UMC’s anti-malaria efforts recognized at international conference

The United Methodist Church was the only faith-based organization recognized at the 4th Global Fund Replenishment Conference, held in Washington, D.C. in early December.

While most other participants at the conference represented their country, Bishop Thomas Bickerton, the head of the UMC’s Global Health Initiative, represented all United Methodists engaged in the fight to end death and suffering from malaria by 2015.
Bickerton told the international audience about the UMC’s commitment and expressed gratitude that the church was given the opportunity to participate in the life-saving effort.

“The United Methodist Church is the first faith-based organization to directly support the work of the Global Fund,” he said. “The United Methodist Church has developed health initiatives in Africa for more than a hundred years. We provide clinics, hospitals, and community-based health services without regard to race, religion or political creed.”

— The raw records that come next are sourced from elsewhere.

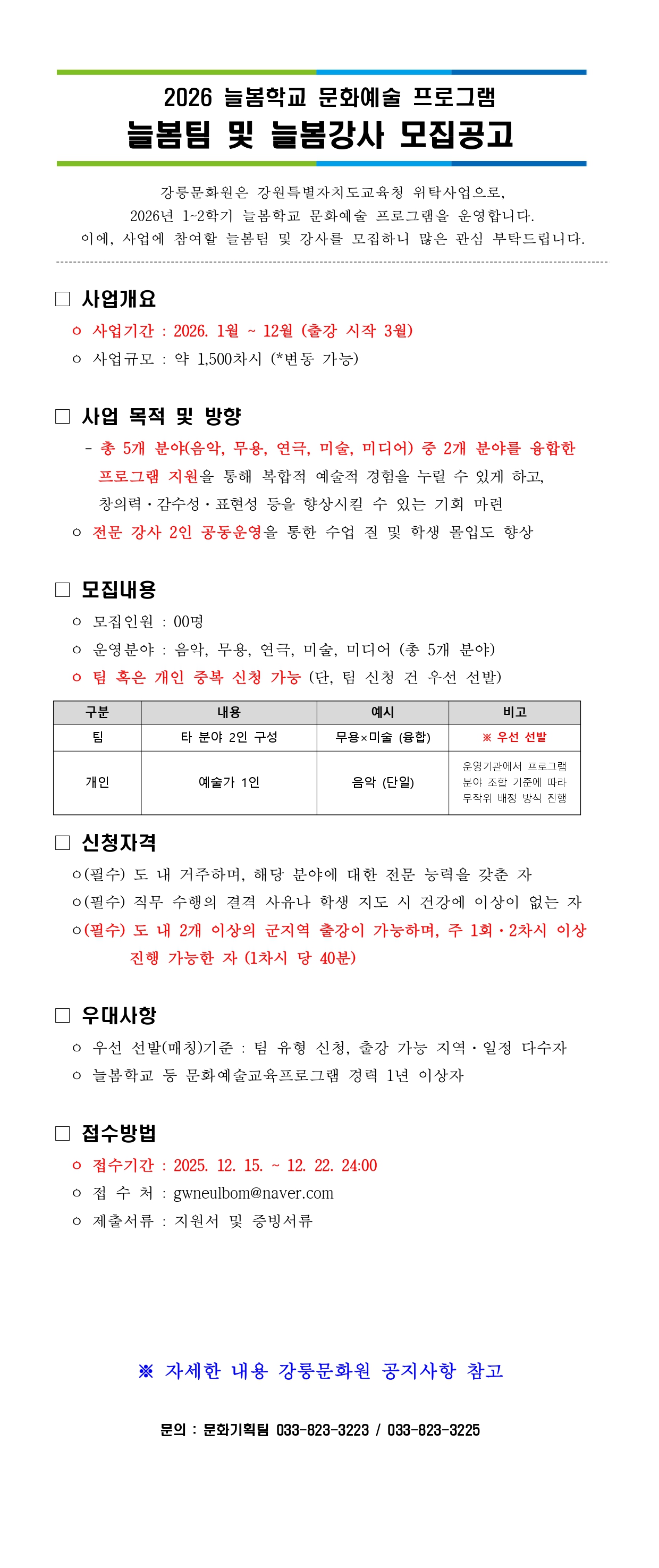 [2026 늘봄학교 문화예술 프로그램] 늘봄팀 및 늘봄강사 모집공고
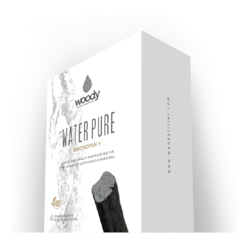 O Binchotan é constituído de 97% de carbono puro. Absorve as toxinas, chumbo, mercúrio, cádmio, cobre e cloro e liberta na água cálcio, potássio e magnésio.
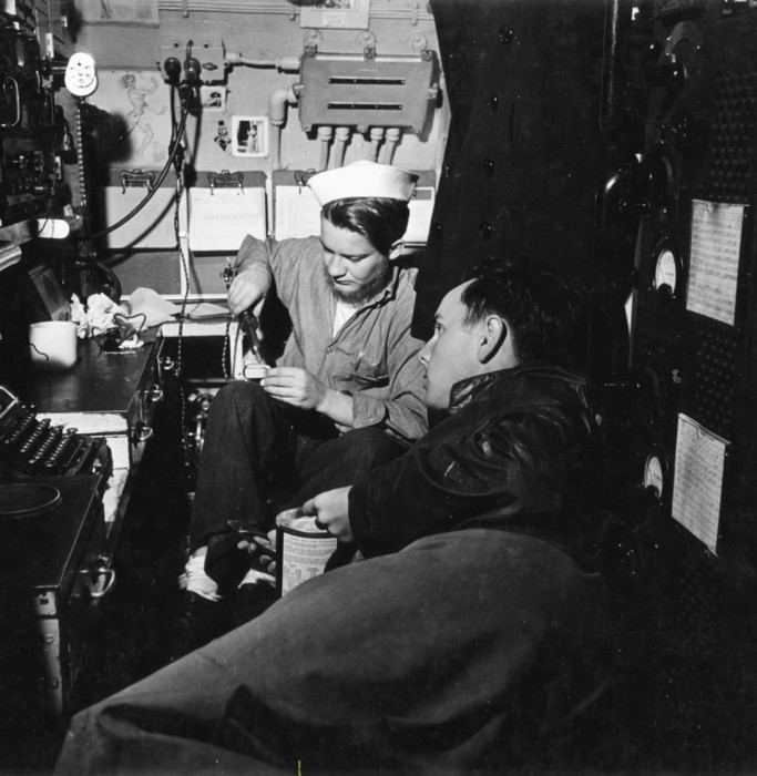the aft end of the compartment is the radio room. Barely
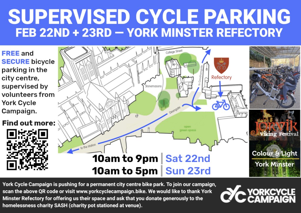 We’ll be holding the third of our secure cycle parking pop-ups in a space generously donated by York Minster Refectory to coincide with York Viking Weekend. If you can help supervise the area and register users please send us your availability (day(s) + time(s) during weekend 22nd (10am-9pm) /23rd (10am-5pm) February – max 2 hour shifts) and your mobile contact number so we can create a rota. There will always be at least one other helper present. In case of bad weather, there is a covered area.

The conference theme, “No Time to Lose: Sharing the Responsibility to Save Lives,” resonated with Bickerton as he told the group about how local churches in sub-Sarahan Africa are committed to assisting families in the remote areas in which they are located.  “Often they have no road access or electricity,” Bickerton said. “Yet, the church is there providing a significant presence and influence.”  Following the conference, Bickerton shared his personal observations by email with United Methodist and Imagine No Malaria campaign leaders. He emphasized how extraordinary it was that the people of the United Methodist Church were recognized for their effort, alongside entire countries.

“During the conference, these representatives sat at tables, each taking their respective turn in making a pledge from their organization,” Bickerton wrote. “Country after country took the microphone and made their pledge for the 2014-2016 cycle.”
Bickerton noted that as the pledges continued, some persons began looking at their cell phones.

Then Nafsian Mboi, the Indonesia Minister of Health and Chair of the Global Fund Board called upon the representative from the United Methodist Church.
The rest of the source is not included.